═══ Supplied information

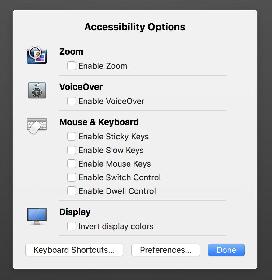 Access to Accessibility Options has also been improved: you can open a control window, in which you can toggle VoiceOver, Zoom, Sticky Keys, and more, by triple-pressing the new Touch ID button at the far right of the Touch Bar. This is much easier than the normal keystroke command of Function-Option-Command-F5.
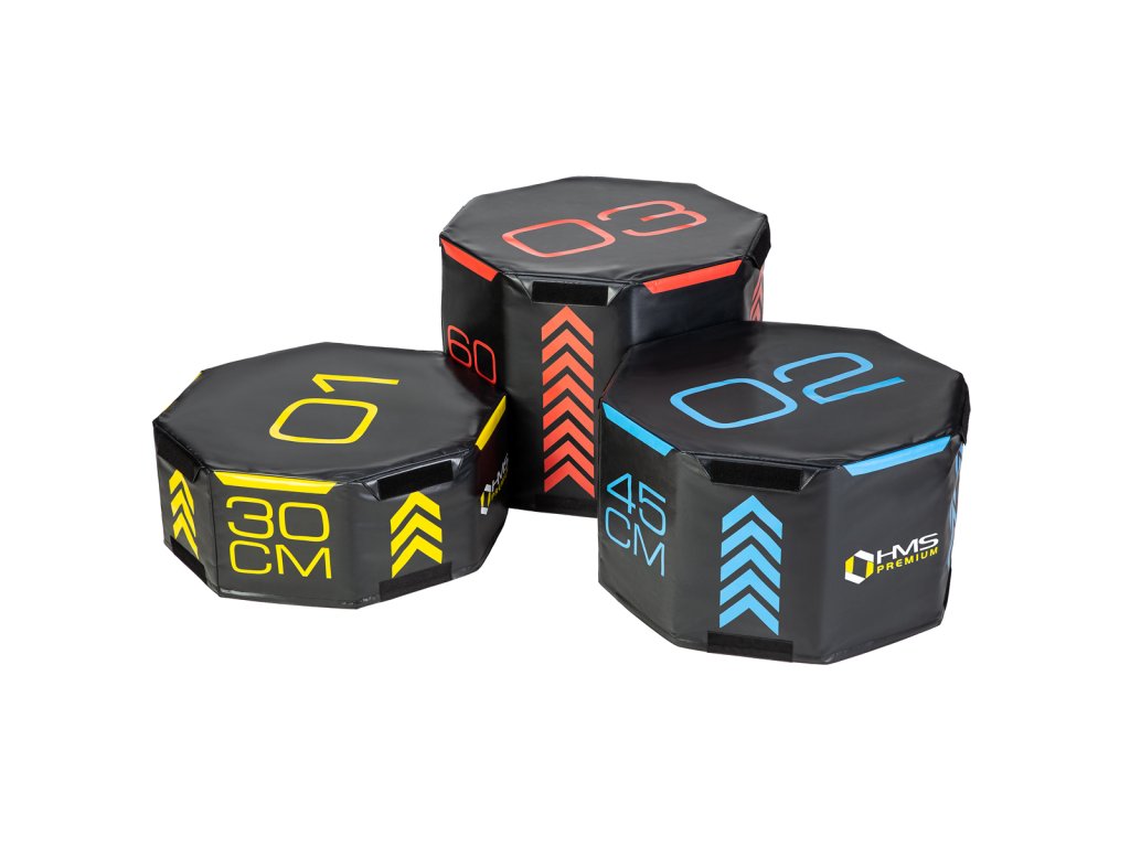 HMS Premium PYOBS01 is a set of three soft, octagonal plyometric boxes of different heights.
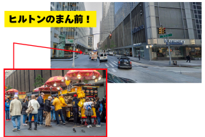 ニューヨーク名物のB級グルメと言ったらハラルガイズ!大人気のフードスタンドがヒルトンの真横にあります!人気メニューのチキンオーバーライスを求めご飯どきには長蛇の列!味は簡単に言うとパラパラのライスにチキンと野菜がバッと乗っていて、シーザードレッシングで味つけたような感じ?(私のボキャブラリーではこの表現が限界)ポンちゃんは大好き。こちらも夜中までやっているので要注意。。。
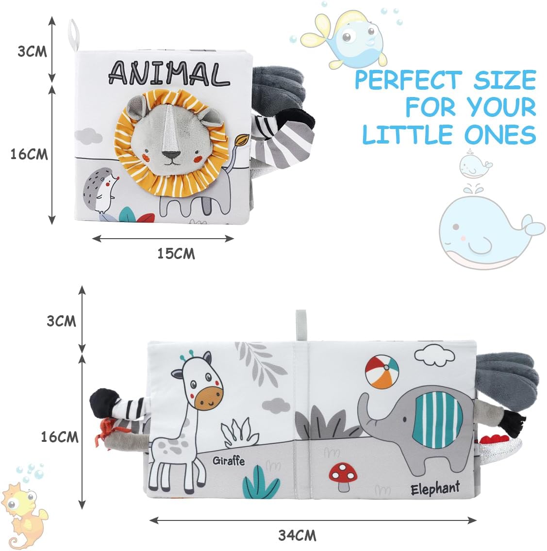 Que ce soit pour une baby shower, un anniversaire ou un cadeau de Noël, ce livre d’éveil en tissu est le choix parfait pour émerveiller les tout-petits. Adapté dès la naissance jusqu’à 2 ans, il convient aussi bien aux garçons qu’aux filles. Polyvalent, il peut même servir d’élément décoratif lorsqu’il est suspendu au mur de la chambre de bébé.

══════

Instructions for the task
Output the listing unchanged, pictures excluded.

Written answer
 Access to Accessibility Options has also been improved: you can open a control window, in which you can toggle VoiceOver, Zoom, Sticky Keys, and more, by triple-pressing the new Touch ID button at the far right of the Touch Bar. This is much easier than the normal keystroke command of Function-Option-Command-F5.
 HMS Premium PYOBS01 is a set of three soft, octagonal plyometric boxes of different heights.
 ニューヨーク名物のB級グルメと言ったらハラルガイズ!大人気のフードスタンドがヒルトンの真横にあります!人気メニューのチキンオーバーライスを求めご飯どきには長蛇の列!味は簡単に言うとパラパラのライスにチキンと野菜がバッと乗っていて、シーザードレッシングで味つけたような感じ?(私のボキャブラリーではこの表現が限界)ポンちゃんは大好き。こちらも夜中までやっているので要注意。。。
 Que ce soit pour une baby shower, un anniversaire ou un cadeau de Noël, ce livre d’éveil en tissu est le choix parfait pour émerveiller les tout-petits. Adapté dès la naissance jusqu’à 2 ans, il convient aussi bien aux garçons qu’aux filles. Polyvalent, il peut même servir d’élément décoratif lorsqu’il est suspendu au mur de la chambre de bébé.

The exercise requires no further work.